Unlike the iconic scenes in Kabul weeks earlier, this important step in the right direction for Lebanon barely made the Western press. Visible and chaotic scenes can grab headlines whilst Lebanon’s insidious crisis is both too complex and too incremental for much of the world to get its head round.

Perhaps the richest man in the country is new Prime Minister and to him and his cabinet lies the epic task of reversing a series of events that have forced all three-quarters of the Lebanese population into poverty. “The situation is very difficult. But it’s not impossible if we united as Lebanese. We have to put our hands together,” Prime Minister Navin Mikati told the press on Friday. “We are all going to work together, united with hope and determination.”

An EU statement in response to the news of a new government outlined their belief that “all parties involved should show the same resolve and ability to compromise, to adopt without delay the measures needed to ensure that the immediate needs and further legitimate expectations of the Lebanese people are met.”

The British Foreign Secretary issued a similar call for the new government to “be followed by implementation of urgent reforms”, going on to warn the new Lebanese leadership that “the UK supports Lebanon, but we must see concerted action”.

Whilst many seasoned observers of Lebanese politics are envisioning low expectations as to what the new government can and will do, there can be little doubting the scale of the challenge and its urgency. "We will tackle solutions to the fuel and medicine shortages in order to end the humiliation" to the population, Prime Minister Mikati said during the first meeting of the new leadership.

Tackling fires whilst attempting to address the root causes to Lebanon’s political wildfire crisis is the order of the day.

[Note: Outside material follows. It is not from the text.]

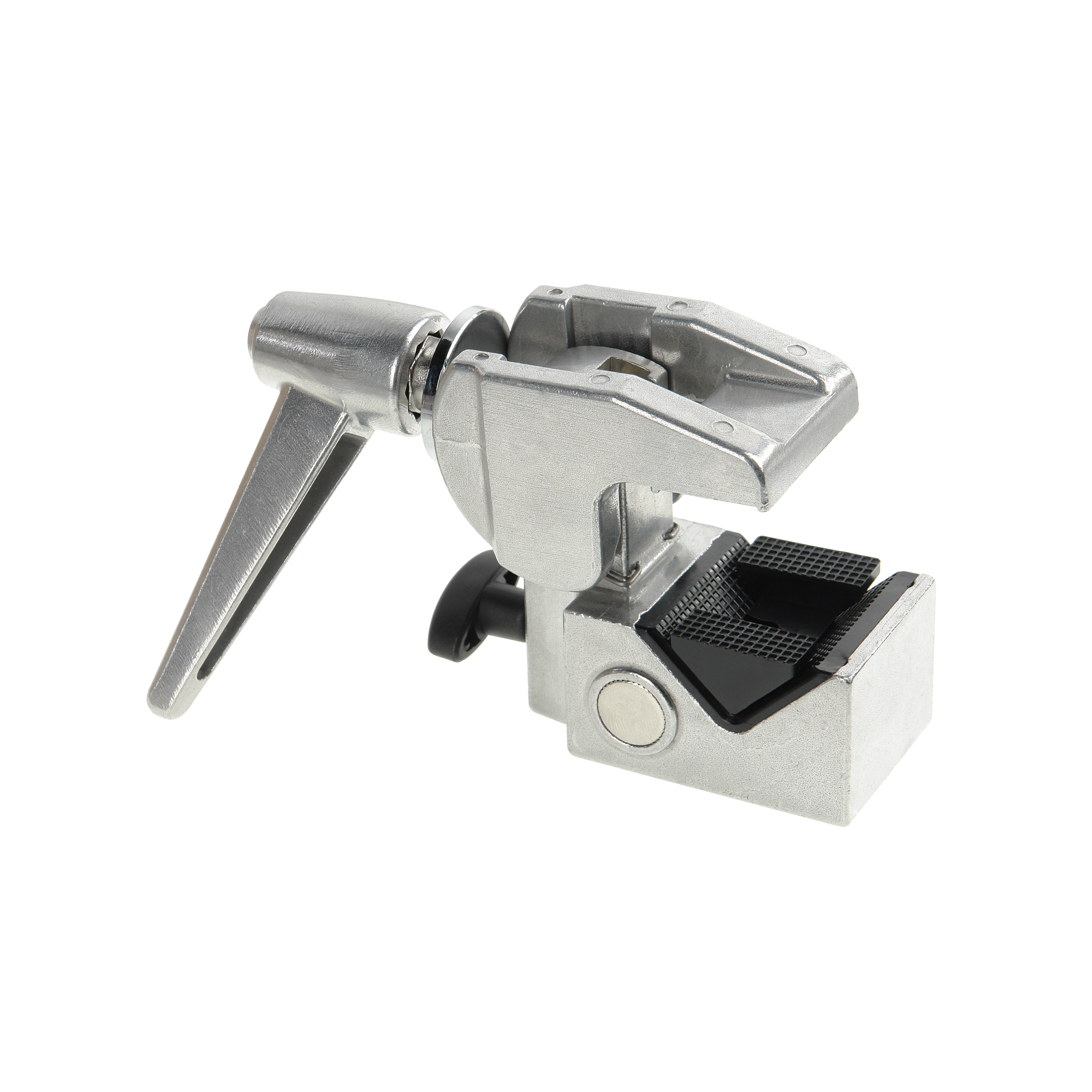 Разжатие и сжатие зажима происходит плавно, при помощи вращения крупной ручки с храповым механизмом. За счет этого, достигается максимально надежное крепление к поверхности, после которого не останутся повреждения или царапины. Храповый механизм ручки дает возможность вращать ее под любым углом, что особенно важно в стесненных студийных условиях.

Massive reforms and changes to the way the country is governed are clearly needed, but will a group of politicians who’ve emerged from the traditional months long horse-trading over control over ministries and patronage be the ones to deliver perhaps the most radical overhaul of Lebanese politics in the country’s history?

If the new government can stop hospitals having to switch off their ICU notes and protect the currency from sliding into complete worthlessness, the macro ambition is to unlock IMF support and the serious money that comes with it. Already the news has come through that Lebanon is to receive $1.135 billion in what are described as "Special Drawing Rights (SDRs)" from the International Monetary Fund to help the crisis-hit country tackle its deep economic depression.

Yet bigger money requires bigger reforms and herein lies the existential question facing this new cohort of Lebanese leaders. They are essentially products of a political system that they are now being asked to destroy in order to save the country. That’s the question at its most stark.

In its subtler forms the debate hinges on whether the IMF and the international community will settle on commercial banking reform and a restructuring of the Lebanese public sector, but even these are vast issues for a political team formed from consensus politics and prone to collapse for all the reasons that it took thirteen months to form.

Collapse would seem more likely than success unless those backers of each and every new Cabinet member realise the zero sum nature of that gamble if the country becomes essentially unliveable; with no fuel, no electricity, no infrastructure and a currency that is literally not worth the paper it is printed on.

A third alternative to success or collapse is increased competition along more historic sectarian lines. We’ve already seen how the politicisation of the country’s attempt to secure fuel has brought in Iranian tankers, US diplomats and a Lebanese delegation to Syria. Further unhelpful regionalisation or internationalisation of the crisis risks taking events into uncharted territory where prospects of violence become much more real. So the jury is now out for a critical few weeks and months that should tell us which way Lebanon is heading next.